Его худой коллега, наконец, поднял голову,
- Так, товарищи. Необходимо передохнуть. Андрей Сергеевич пока с мыслями соберется. Тетю Олю домой отпустим, - мы заслуженного человека который день мучаем. Андрей Сергеевич, вы ведь курить хотите? Там дальше по коридорчику специально отведенное место имеется.
"Ява" горчила. Разучились делать. Андрей смотрел в окно на Бирлюковскую. Время к 11-ти, а пробка не рассосалась. Финансовый кризис третий год свирепствует, безработица растет, а народ из спальных районов на работу торопиться все равно не желает. Тягомотное ныне бытие. Хм, спровадит сейчас этот вежливый следак вас, уважаемый Андрей Сергеевич, в СИЗО, и потом, не торопясь, выдавит признание в серийных убийствах с массовыми похищениями. Вот тогда прочувствуете как хорошо и уютно раньше жили. Тьфу, будь оно проклято, такое счастье. Интересно, куда, в самом деле, мог целый наряд деться? Они же вроде настороже должны были быть. Не рутина, усиление режима, место преступления, то да сё. Сговорились дезертировать? Так ведь не срочники, - не из-за оружия же городить весь этот спектакль с исчезновением? Нужно было спросить, - как у них на семейном фронте? Если одинокие, то не исключено…

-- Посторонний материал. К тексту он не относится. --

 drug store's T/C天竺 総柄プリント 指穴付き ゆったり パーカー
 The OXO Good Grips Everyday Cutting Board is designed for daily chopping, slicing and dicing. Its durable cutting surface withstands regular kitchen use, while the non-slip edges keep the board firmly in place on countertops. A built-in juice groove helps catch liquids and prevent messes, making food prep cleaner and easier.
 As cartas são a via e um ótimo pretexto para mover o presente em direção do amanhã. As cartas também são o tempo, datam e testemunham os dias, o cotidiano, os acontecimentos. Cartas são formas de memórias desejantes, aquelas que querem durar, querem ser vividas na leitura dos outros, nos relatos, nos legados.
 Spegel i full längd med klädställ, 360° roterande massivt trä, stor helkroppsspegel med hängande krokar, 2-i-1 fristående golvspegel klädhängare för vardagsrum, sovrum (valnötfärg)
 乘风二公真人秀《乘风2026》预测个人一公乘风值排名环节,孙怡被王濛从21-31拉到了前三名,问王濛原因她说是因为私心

Тьфу три раза! В самом деле в детективы записался? Смешно. Следствие ведут хромые пенсионеры-отставники.
Нет, смешно не было. Андрей курил, стараясь сосредоточиться на "пробке" у перекрестка и отогнать дурные предчувствия. Только взгляд все время упирался в собственное отражение в оконном стекле.
Быть пенсионером Андрей еще не привык. Если не считать госпиталя, всего два месяца законно бездельничал. Сорок пять лет, - не мальчик, конечно, но столь рано заканчивать трудовую деятельность он никогда не собирался.

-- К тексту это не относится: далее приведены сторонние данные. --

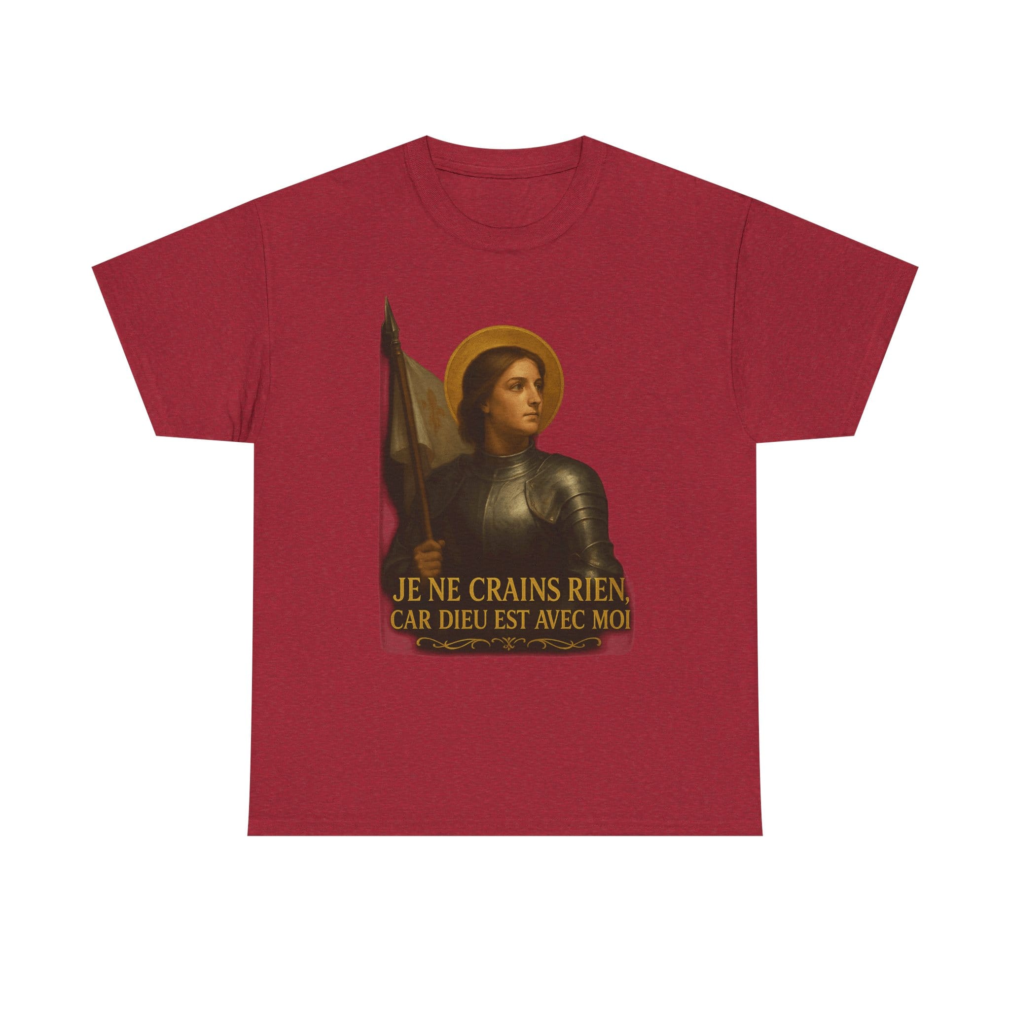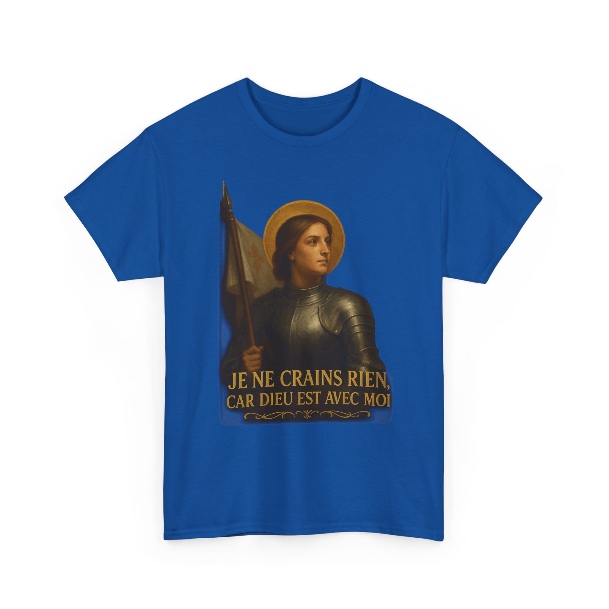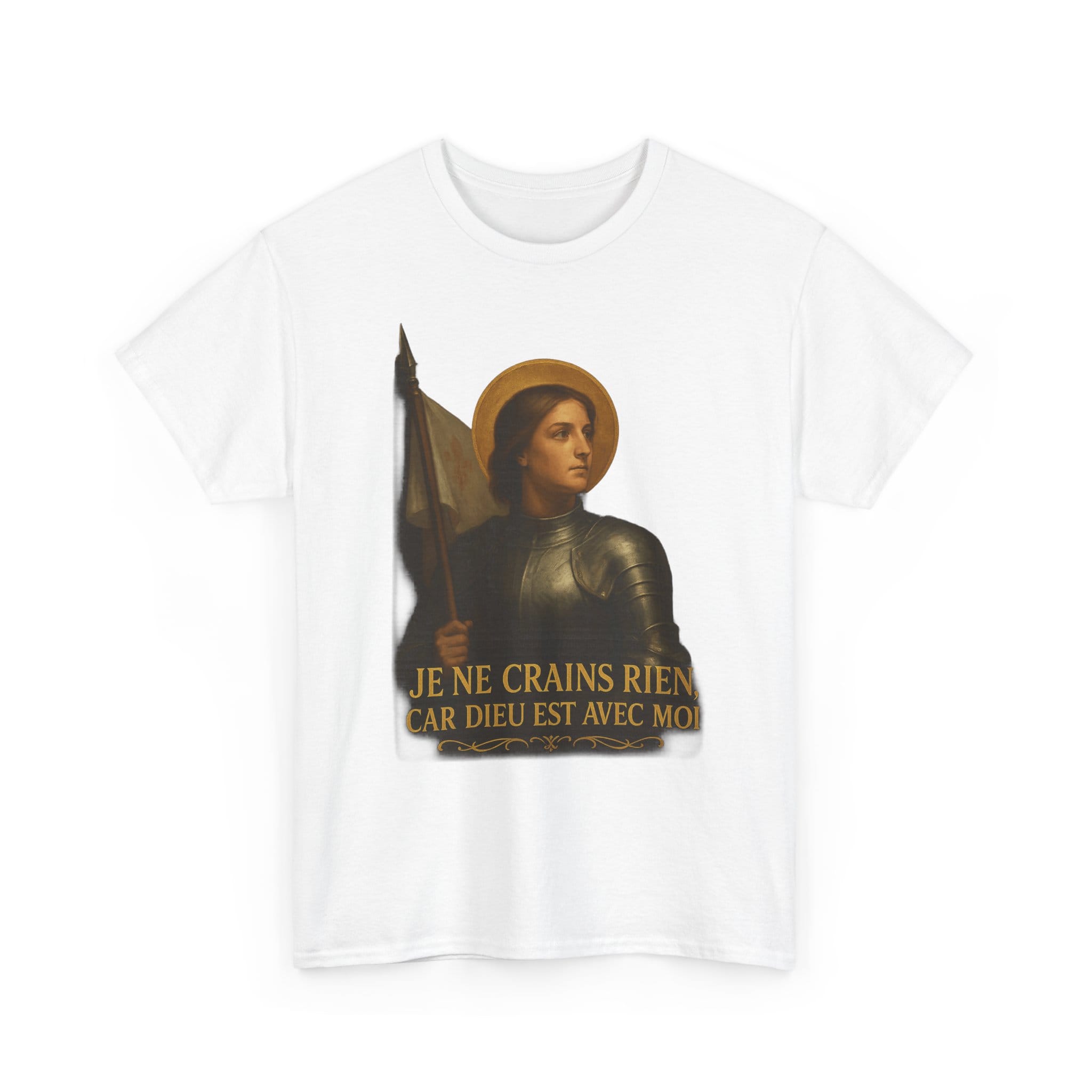 Joan of Arc embodies everything noble about the French soul: courage, purity, faith, and patriotic fire. With serene resolve and divine purpose, she stood unafraid before armies and kings. This shirt celebrates her immortal words—I fear nothing, for God is with me—a rallying cry for all who still believe France has a sacred destiny.

Узколицый мужчина, отражающийся в полузеркальном модерновом окне "Боспора", смотрел хмуро. Рожа бледная, болезненная. После госпиталя высокий рост обернулся костлявой сутулостью. Из-за неверия в больную ногу появилась привычка удерживать наклон корпуса влево. М-да, хорошо еще место в метро не уступают. Просто красавец мужчина: холостой, утонченно-бледный, с ярко выраженным левым демократическим уклоном.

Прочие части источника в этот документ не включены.